In other words, the Marketplace Fairness Act wants to authorize states to charge you a “convenience tax” for ordering your new iPhone 5 online rather than camping out in front of the Apple store.
The federal government has no business trying to engineer the purchasing behaviors of individual consumers in a free society. It’s simply unfair.
To add injury to insult, the Marketplace Fairness Act undermines state sovereignty and allows for taxation without representation in five major ways:
• Under the Marketplace Fairness Act, a state would be allowed to reach beyond its borders to collect taxes from unrepresented businesses in other states. Further, the legislation would favor some states over others, since not all states collect sales taxes.
• The Act would create an unfair burden on online sellers, which would be forced to wade through tax legislation for all states, cities and towns where they do business. This burden would prove virtually impossible for most small businesses. In fact, in an open letter against the bill, signed by multiple grassroots organizations, the R Street Institute pointed out that there are 9,600 separate taxing jurisdictions in the United States. Forcing businesses to comply with taxes on that scale goes directly against the Commerce Clause of the U.S. Constitution, which protects against an unreasonable burden on interstate commerce.
• Far from being “fair,” the Act would give big businesses an unfair advantage over small online businesses, which will have a much harder time paying the required taxes in each state where their customers reside. Recognizing its competitive advantage over smaller businesses, online giant retailer Amazon has come out in favor of the bill, though it traditionally opposed Internet sales taxes.
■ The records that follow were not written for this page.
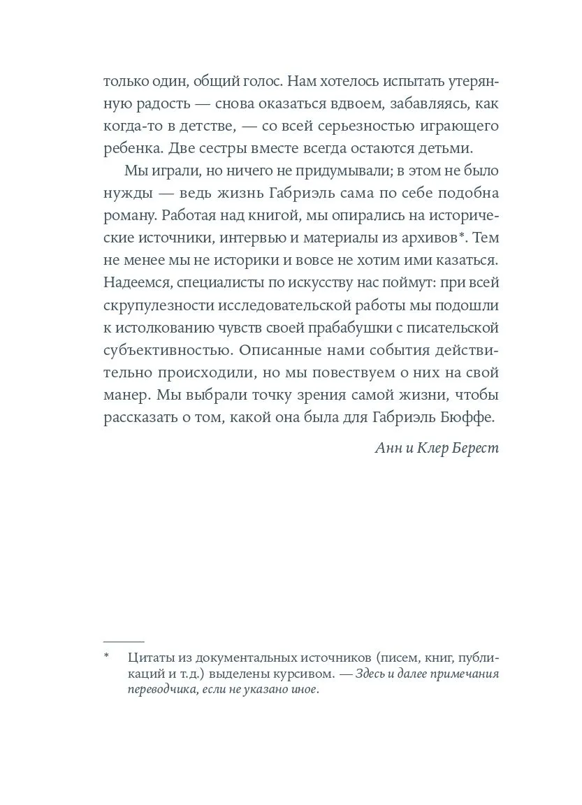 Опираясь на письма и дневники, правнучки героини Анн и Клер Берест предлагают новый взгляд на историю искусства, отводя Габриэль законную роль не свидетельницы, а созидательницы авангарда.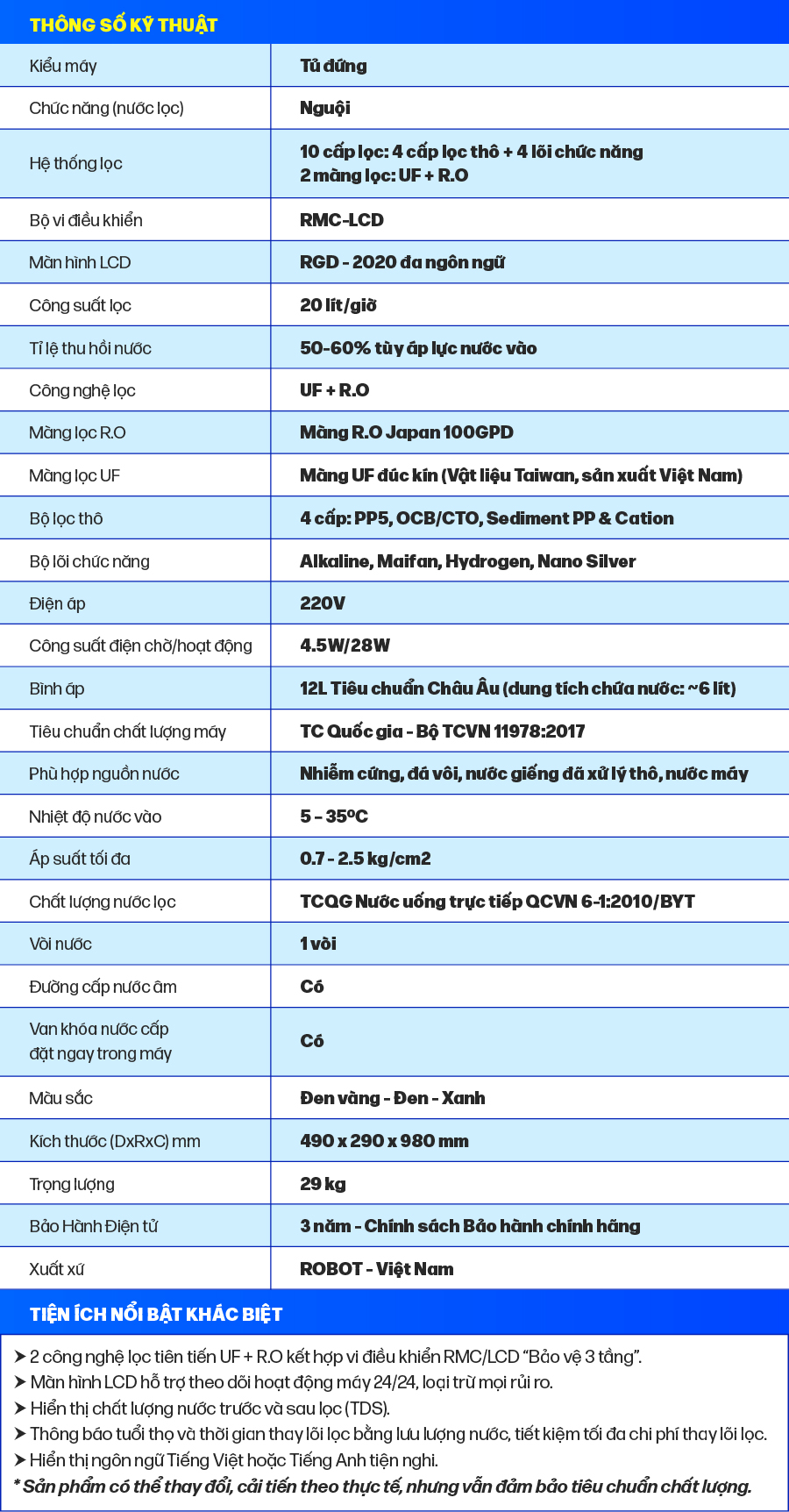 Máy Lọc Nước Nóng Lạnh ROBOT Duy Nhất 2 Màng Lọc UF + R O + RMC LCD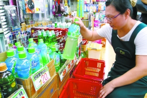 5月26日,臺灣高雄市一家賣場的工作人員將運動飲料下架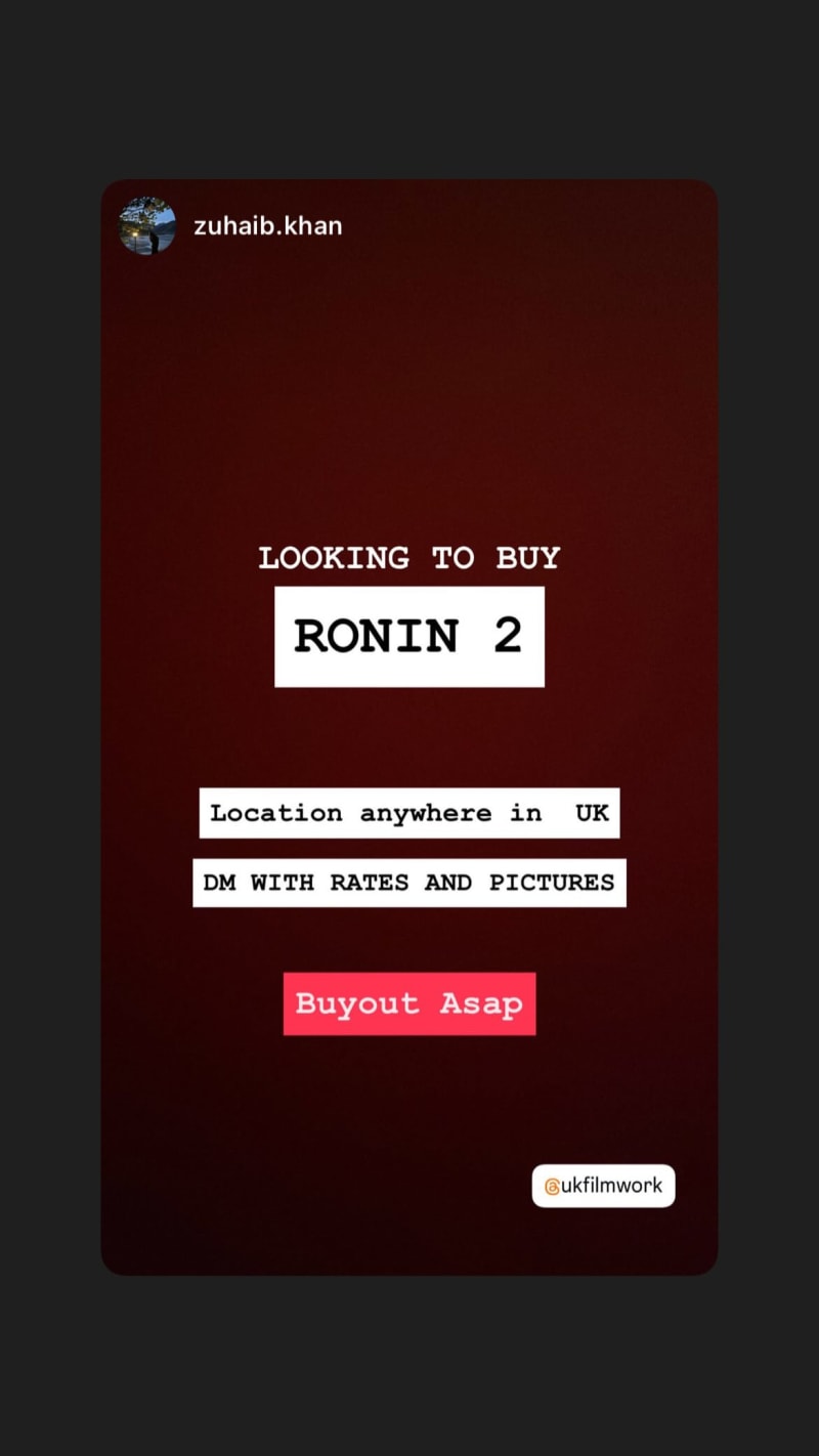 looking to buy a ronin 2 anywhere in the united kingdom. dm with rates and pictures for an asap buyout.

· While the bill does exempt small businesses earning less than $1 million per year from tax collection, “small business” as defined by the provision is a far cry from the Small Business Association’s standard, which can reach $30 million. Supporters argue the bill will save mom-and-pop businesses, but in reality it kills healthy competition.
• The Marketplace Fairness Act will undermine consumer privacy. Currently, states cannot ask out-of-state retailers for information on their customers, but under the Act, this would no longer be the case. Given that businesses and state revenue boards already have a dismal history of losing people’s private information, consumers should be concerned.
• In his effort to leap-frog the Act onto the Senate floor, Harry Reid has bypassed the usual voting process of the Senate Finance Committee, which is largely opposed to the bill. This closed-door power play is wrong. At the very least, the bill should go through the full decision process, especially since it will have such wide impact on U.S. citizens and businesses.
Using a closed legislative process to expand taxing authority and sacrifice free competition in the name of “fairness and equal opportunity for all” is a lesson in poetic irony. The Marketplace Fairness Act is anything but fair for small businesses, and it will stand in the way of the growth and recovery that the U.S. economy desperately needs.
Grassroots organizations are united in their opposition to this unfair legislation, and our elected representatives would do well to pay attention and press “cancel” on this legislative order.